How does GraphTensor work with tf.data.Dataset?
OysterQAQ opened this issue · 3 comments
Specifically, I use a graph database to store large-scale graphs and try to generate an iterable Dataset using tf.data.Dataset.from_generator, where each sample consists of three GraphTensors. If we follow the pattern of using tfgnn.write_example to serialize and then use tf.data.Dataset for reading according to the document, how can we write three GraphTensors at once with tfgnn.write_example?
Thank you for your interest in TF-GNN!
Two solutions come to mind, please see which one works best for you:
- Use separate node sets and edge sets to put all three graphs into one GraphTensor.
- Use the optional
prefix=
kwarg oftfgnn.write_example()
andtfgnn.parse_example()
- Create three `tf.Example protos that encode the three graphs under distinct names, then merge the protos before saving.
- For reading back, call
tfgnn.parse_example()
for each prefix on the same encoded example to retrieve the three different graphs. (Note: not optimal in that it scans the encoded data three times).

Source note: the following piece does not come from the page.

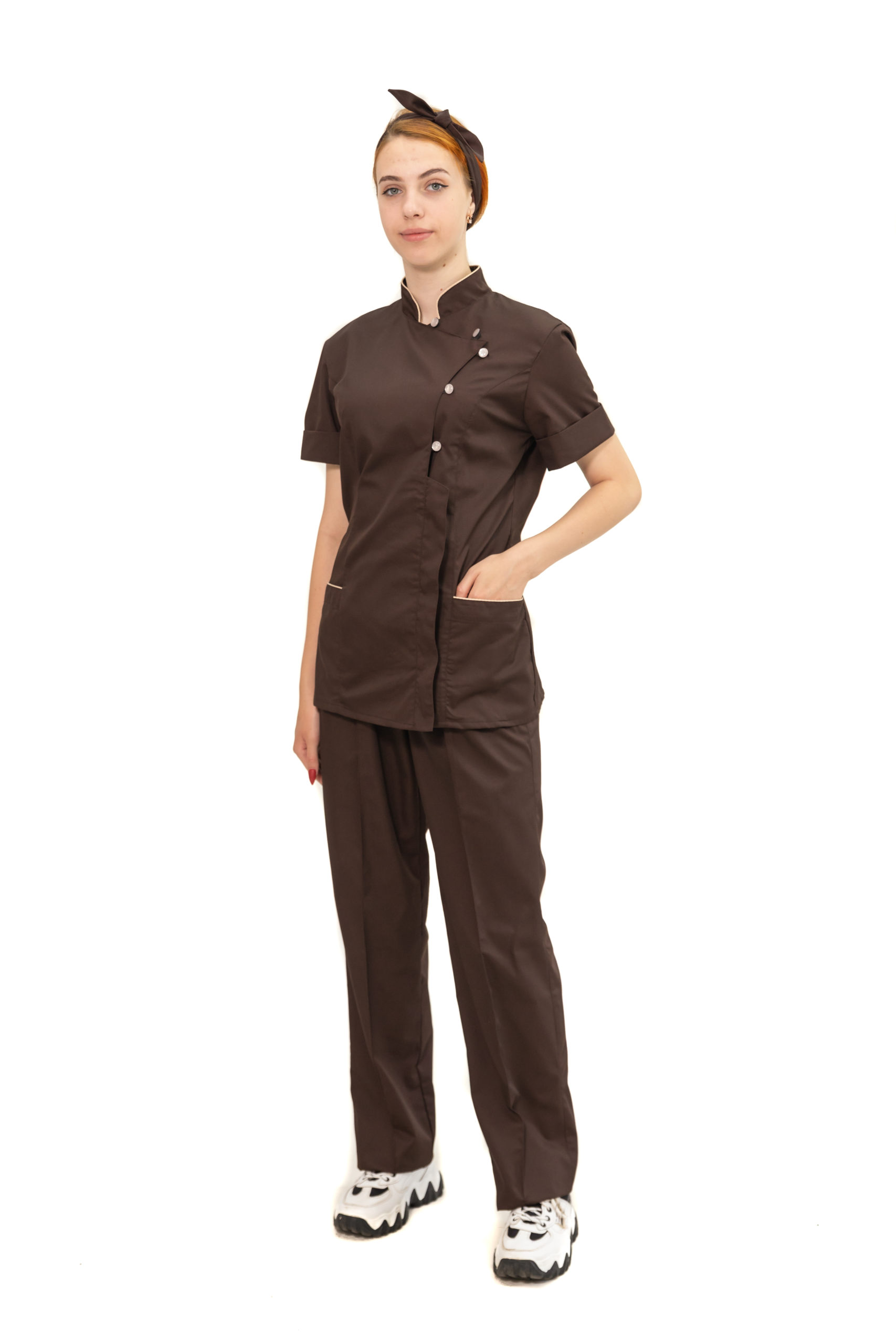 Костюм “Франція” від Polaris складається з кітеля та штанів на резинці. Костюм з якісних,сетрифікованих матеріалів та фурнітури. Тканина сорочкова ( 50% х/б, 50 п/е). Костюм представлений в магазині Polaris в кількох кольорах (фото в галереї).

I believe that solves the problem, so there is no feature request left to track here – ok to close this issue?
For general "how-to" questions without a particular bug report or feature request, please consider the respective StackOverflow tags [tensorflow] and [tensorflow-gnn].
The three graphs actually correspond to (anchor, negative, positive). Can we separately store the three graphs into different tf.data.TFRecordDataset and then merge them together using tf.data.Dataset.zip? This approach is still not elegant enough. A solution should be provided to work with the tf.data.Dataset, which can directly read (graph, label) after writing it into the dataset.
For the label, we recommend storing it as part of the GraphTensor (see guide), but you can store it as a separate feature in the tf.Example
and parse it separately from there, if you prefer.
I would not recommend tf.data.Dataset.zip()
here, because zipping two datasets creates independent iterators for both, and their iteration order may be hard to predict (due to explicit shuffling but also due to performance-optimized parallel reading). To see what I mean, print the elements of
ds = tf.data.Dataset.range(5).shuffle(5)
zipped_ds = tf.data.Dataset.zip((ds, ds))
For further "how-to" questions, please consult the respective StackOverflow tags [tensorflow] and [tensorflow-gnn].